● **EXERCISE INSTRUCTIONS**
Once you find the line with "故人や葬家の意思を活かした「" in the entries below, print it and each line after it up to and including the line with "Akçakiraz - Çatal", exactly, without pictures.

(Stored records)
[Start of Attachment]
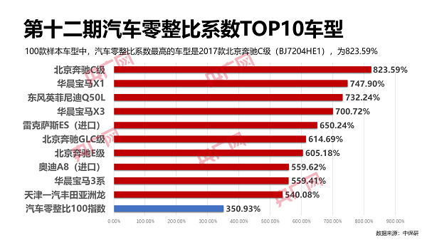 值得關(guān)注的是,本期汽車零整比系數(shù)樣本車型中最高的五款車型分別是北京奔馳C級、華晨寶馬X1、東風英菲尼迪Q50L、華晨寶馬X3和雷克薩斯ES(進口)。其中,北京奔馳C級零整比系數(shù)高達823.59%,也就是說北京奔馳C級所有裝車配件價格加起來超過8輛整車的價格。
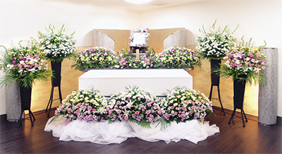 故人や葬家の意思を活かした「あの人らしいお葬式」の実現にも富士見斎場では最大限応える。希望が多い「生花祭壇」も多様で、予算や希望に合わせて故人の好きだった花を飾り、温かい雰囲気の中お見送りすることができる。
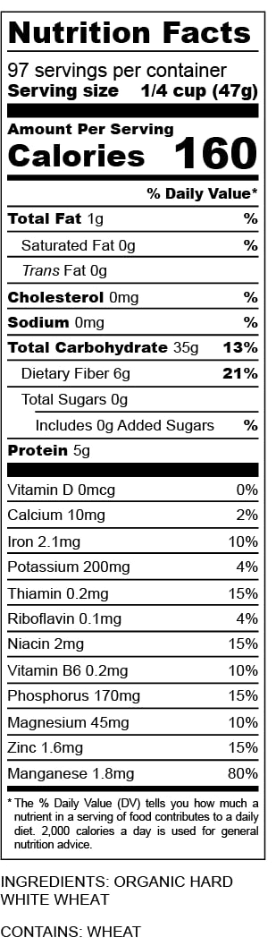 Q: Are Organic Hard White Wheat Berries gluten-free?A: No, Organic Hard White Wheat Berries contain gluten and are not suitable for those with gluten intolerance or celiac disease.
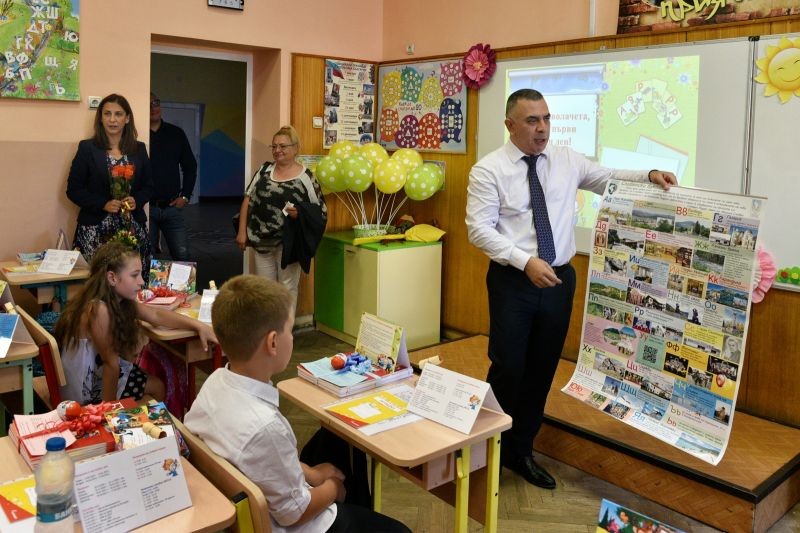Днес кметът Стефан Радев подари на първокласниците и табло на Сливенския буквар, който разказва за природните и историческите забележителности на сливенския край, изобразени с всяка буква от българската азбука. Такива табла има във всяка класна стая на всички първолаци в Сливен.
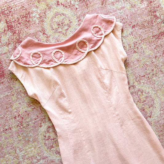 [AS-IS] 1950s 1960s Soutache Linen Wiggle Dress | small/medium
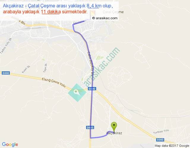 Akçakiraz - Çatal Çeşme arası yaklaşık olarak 90 km/h ile yukarıda belirtilen sürede olup, iki yerin kuş uçuşu uzaklığı (mesafesi) 6'dir. Yolculuk otobüsle 14 dakika sürmektedir.
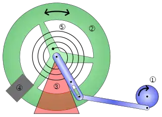 Rueda de Pohl: un péndulo rotativo (2) acoplado sobre un resorte en espiral (3) con una estimulación variable (1). El giro es controlado por un freno electromagnético (4). Es usado para demostrar "movimiento caótico" como también "oscilaciones armónicas.
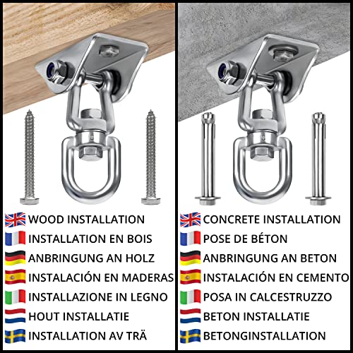 GANCI RESISTENTI: Questo gancio muro/gancio soffitto in acciaio inossidabile è perfetto per appendere qualsiasi attrezzatura di sospensione pesante o decorazioni per la casa. Il nostro set è composto da 1 gancio inox girevole, 1 gancio attaccabili, 2 viti e 2 viti ad espansione. La piastra principale misura L4 x L7 x A9,6 cm, mentre il gancio misura L8 x L4 cm. Per le dimensioni complete, fare riferimento all'immagine 2. Il robusto supporto oscillante regge fino a 400 kg.
[End of Attachment]
● **COMPLETED EXERCISE**
 故人や葬家の意思を活かした「あの人らしいお葬式」の実現にも富士見斎場では最大限応える。希望が多い「生花祭壇」も多様で、予算や希望に合わせて故人の好きだった花を飾り、温かい雰囲気の中お見送りすることができる。
 Q: Are Organic Hard White Wheat Berries gluten-free?A: No, Organic Hard White Wheat Berries contain gluten and are not suitable for those with gluten intolerance or celiac disease.
Днес кметът Стефан Радев подари на първокласниците и табло на Сливенския буквар, който разказва за природните и историческите забележителности на сливенския край, изобразени с всяка буква от българската азбука. Такива табла има във всяка класна стая на всички първолаци в Сливен.
 [AS-IS] 1950s 1960s Soutache Linen Wiggle Dress | small/medium
 Akçakiraz - Çatal Çeşme arası yaklaşık olarak 90 km/h ile yukarıda belirtilen sürede olup, iki yerin kuş uçuşu uzaklığı (mesafesi) 6'dir. Yolculuk otobüsle 14 dakika sürmektedir.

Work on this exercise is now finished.